> [Assignment] Print nothing except the line holding "The items exhibit" and the lines that come after it in the material below, and leave the pictures out.

> [Supplied data]
---
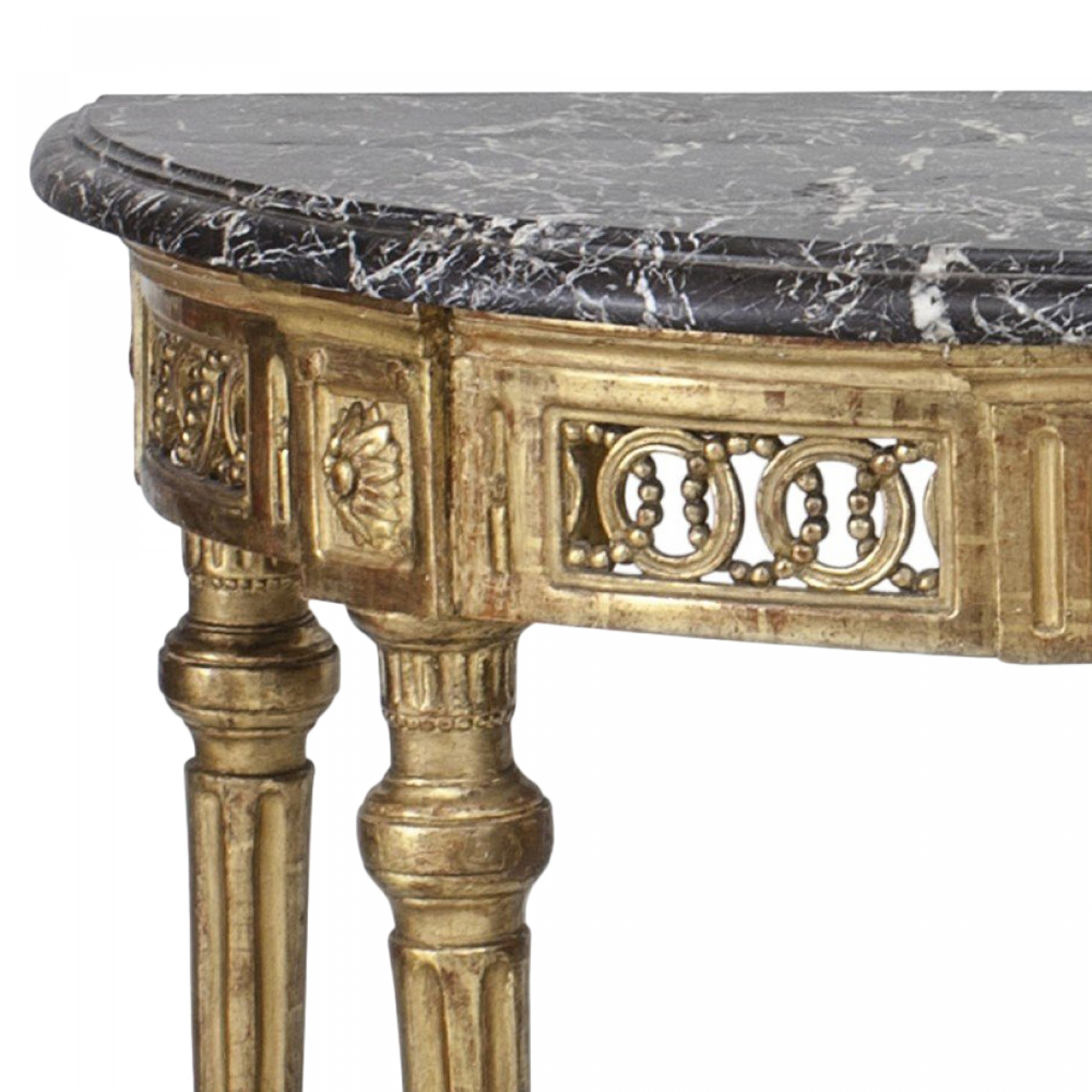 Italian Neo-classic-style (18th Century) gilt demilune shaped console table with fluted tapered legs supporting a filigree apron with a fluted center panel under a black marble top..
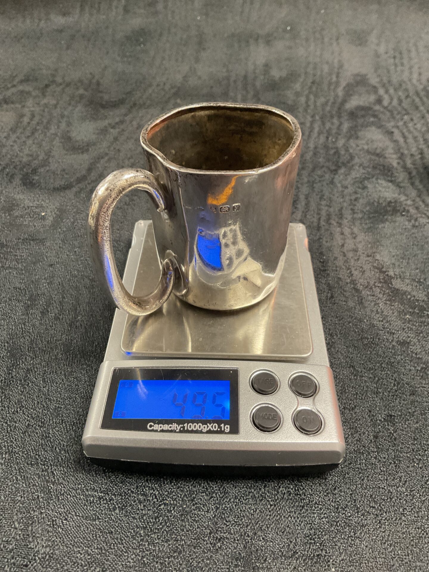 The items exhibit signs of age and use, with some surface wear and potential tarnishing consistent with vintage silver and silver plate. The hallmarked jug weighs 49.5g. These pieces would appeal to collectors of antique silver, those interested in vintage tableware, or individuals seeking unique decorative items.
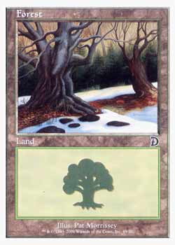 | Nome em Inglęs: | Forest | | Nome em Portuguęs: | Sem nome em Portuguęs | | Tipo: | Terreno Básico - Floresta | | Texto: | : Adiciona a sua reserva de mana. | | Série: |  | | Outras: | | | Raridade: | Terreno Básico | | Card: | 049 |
---
> [Solved exercise]
 The items exhibit signs of age and use, with some surface wear and potential tarnishing consistent with vintage silver and silver plate. The hallmarked jug weighs 49.5g. These pieces would appeal to collectors of antique silver, those interested in vintage tableware, or individuals seeking unique decorative items.
 | Nome em Inglęs: | Forest | | Nome em Portuguęs: | Sem nome em Portuguęs | | Tipo: | Terreno Básico - Floresta | | Texto: | : Adiciona a sua reserva de mana. | | Série: |  | | Outras: | | | Raridade: | Terreno Básico | | Card: | 049 |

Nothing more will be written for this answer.